Читаем Двое в барабане полностью

Конечно, это было не совсем так, но по крупному счету так, и с годами становилось все очевидней. Он оставался пусть не маленьким, но только винтиком общепролетарского писательского дела. А точнее, увесистым булыжником в государственном дробильном барабане, как выразился когда-то друг Корнелий.
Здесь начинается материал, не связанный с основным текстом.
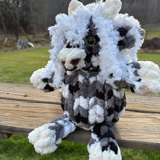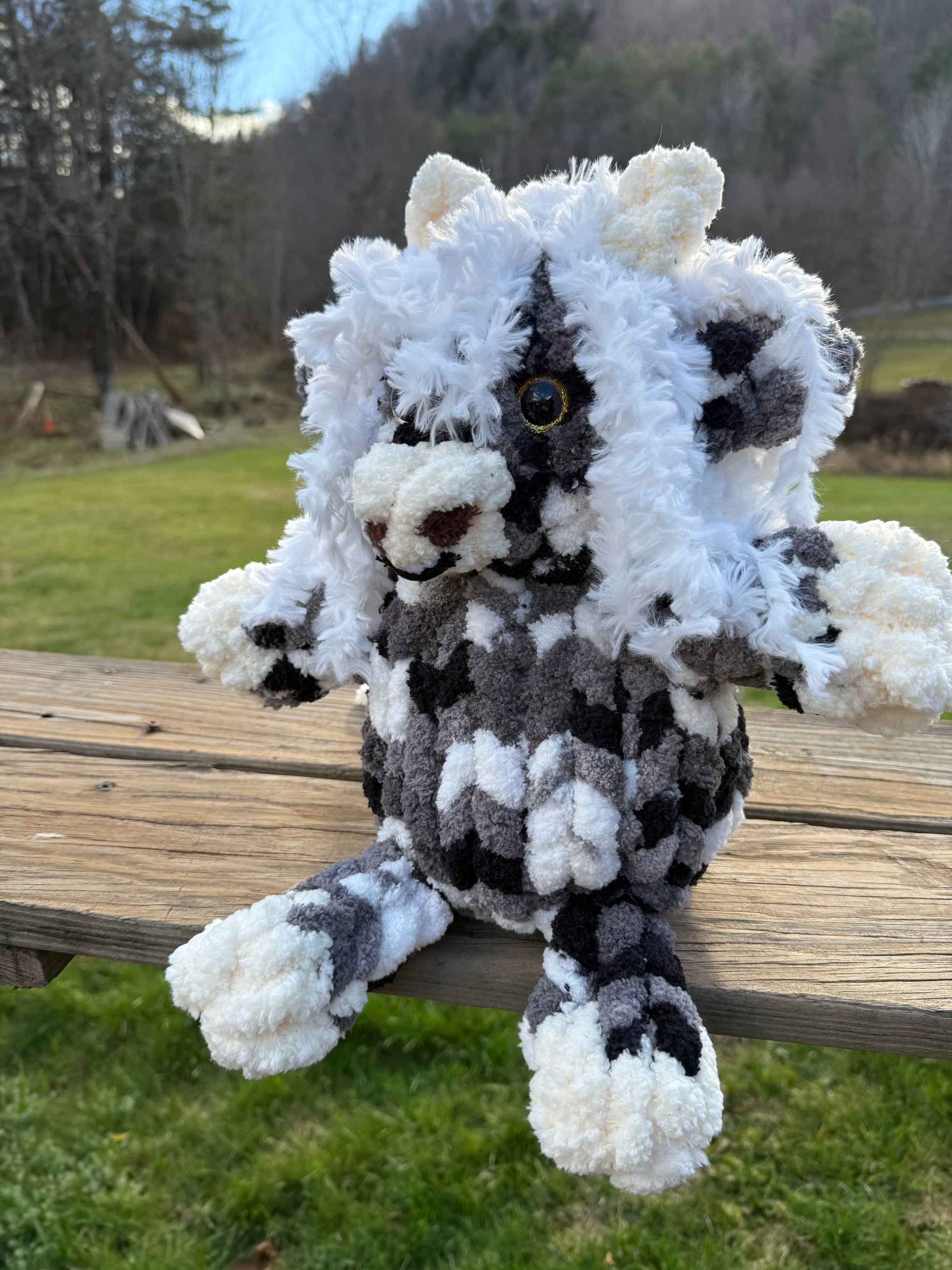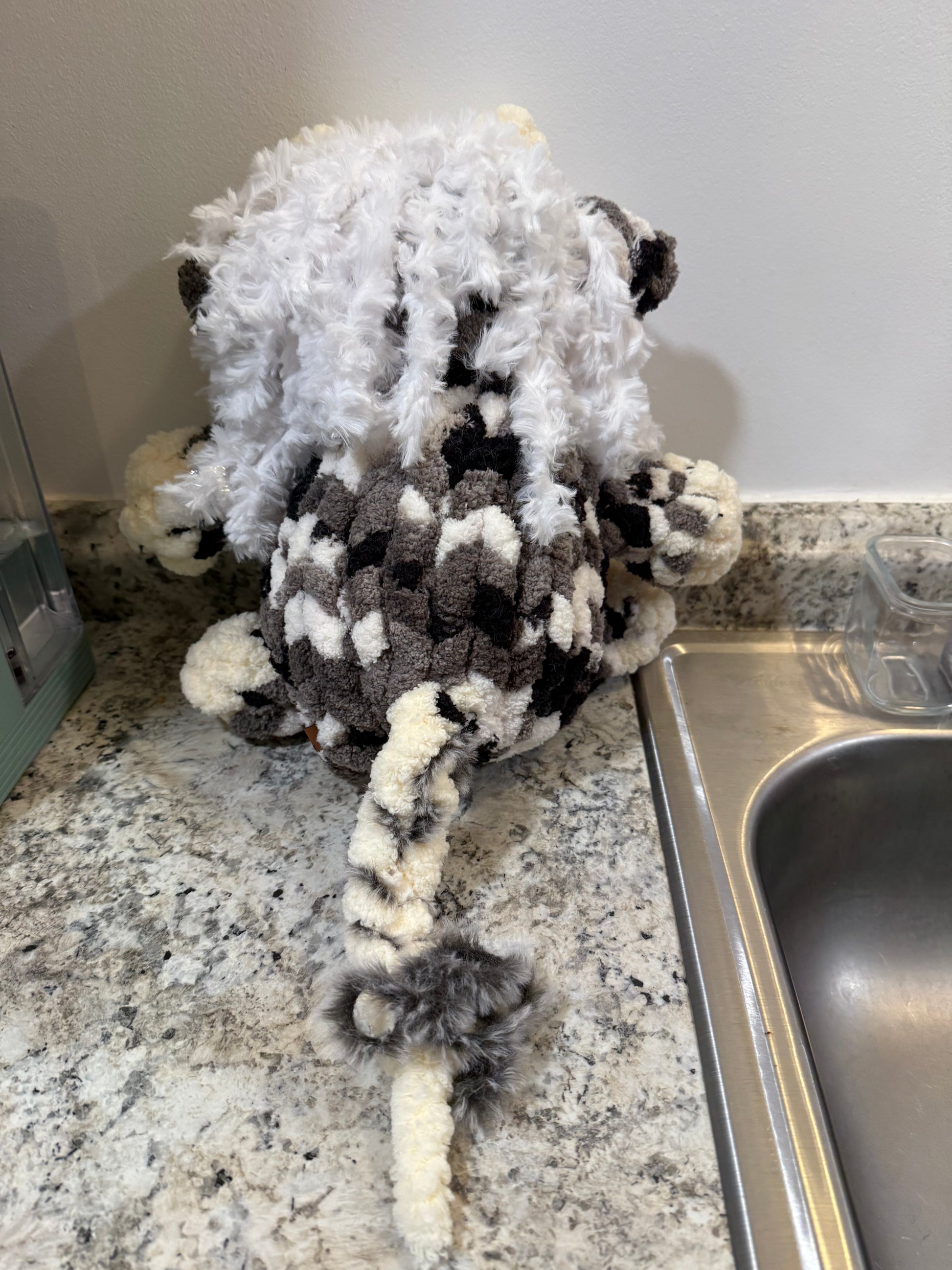 Made special by me! Hand knitted with 100% polyester yarn. Stands about 12 inches tall.

Продолжая неоконченный разговор с Эренбургом, лежал на койке, закинув руки за голову, слушая себя самого: "В годы гражданки я был дважды ранен. Врачи говорили, что ранение тяжелое. Но была молодость... Да можно ли сравнивать кусочки металла с тем, что пришлось пережить потом?"
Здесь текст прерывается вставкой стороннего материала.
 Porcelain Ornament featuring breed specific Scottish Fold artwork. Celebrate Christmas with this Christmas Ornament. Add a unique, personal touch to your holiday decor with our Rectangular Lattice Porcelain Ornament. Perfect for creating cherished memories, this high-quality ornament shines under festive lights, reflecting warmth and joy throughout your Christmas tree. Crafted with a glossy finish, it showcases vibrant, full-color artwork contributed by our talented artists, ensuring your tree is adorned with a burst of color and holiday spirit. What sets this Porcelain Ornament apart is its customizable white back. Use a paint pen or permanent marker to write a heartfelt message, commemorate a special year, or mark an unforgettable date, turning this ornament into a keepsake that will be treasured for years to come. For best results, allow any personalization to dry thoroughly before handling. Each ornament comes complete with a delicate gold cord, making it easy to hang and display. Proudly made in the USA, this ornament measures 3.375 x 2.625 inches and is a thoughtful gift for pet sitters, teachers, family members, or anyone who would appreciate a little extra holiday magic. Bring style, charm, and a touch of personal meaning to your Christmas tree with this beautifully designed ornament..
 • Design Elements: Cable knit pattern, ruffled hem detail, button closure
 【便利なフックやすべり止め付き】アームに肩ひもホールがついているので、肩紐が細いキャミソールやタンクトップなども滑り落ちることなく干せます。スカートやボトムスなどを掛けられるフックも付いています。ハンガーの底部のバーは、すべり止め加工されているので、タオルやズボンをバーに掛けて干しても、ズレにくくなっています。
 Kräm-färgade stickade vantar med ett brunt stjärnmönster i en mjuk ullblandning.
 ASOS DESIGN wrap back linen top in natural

...Выстраивались горькие строки последнего письма: "С каким чувством свободы и открытости мира входило мое поколение при Ленине. Какие силы необъятные были в душе, и какие прекрасные произведения мы создавали и могли бы создать.

Нас после смерти Ленина низвели до положения мальчишек, уничтожали, идеологически пугали и называли это "партийностью"... Единицы тех, кто сохранил в душе священный огонь, находятся в положении париев и по возрасту своему скоро умрут..."

Его творческое воображение, долгие годы скованное идеологическими кандалами, искало выход самовыражению. Он даже думал о себе в третьем лице, не опасаясь упреков в нескромности.

"Он" хотел быть прямым, стройным, ничем не искривленным, как то умопостигаемое коммунистическое общество, которому "он" посвятил жизнь, как Бакланов, влюбленный в командира партизанского отряда Левинсона. "Он" видел впереди себя ту мечту, что вела Левинсона...

А мечта разлеталась острыми осколками, соприкасаясь с повседневной действительностью. Необъяснимое не поддавалось объяснению.

В Москву после войны приехал политэмигрант, поэт Назым Хикмет, отсидевший в турецких тюрьмах семнадцать лет. Он был рад свободе, старым друзьям. Да вот со многими повидаться не мог. Жаловался Фадееву: "Почему все заболели и уехали из Москвы? Мейерхольд болен и живет в горах; кинорежиссер Экк болен и тоже уехал в горы; Зощенко - тяжело болен, и к нему не пускают..."

После смерти Сталина искренне сочувствовал Фадееву, глядя ему в лицо добрыми голубыми глазами: "Мне повезло, конечно, я сидел в тюрьме, но меня посадили враги, я знал, что я в аду. Куда хуже было жить в раю и смотреть, как ангелы жарят на сковородках товарищей".

Многие вопросы не находили ответа. Даже, казалось бы, обыкновенные, бытовые. Раньше он воспринимал их как мелкие и временные. Теперь они раздражали и угнетали.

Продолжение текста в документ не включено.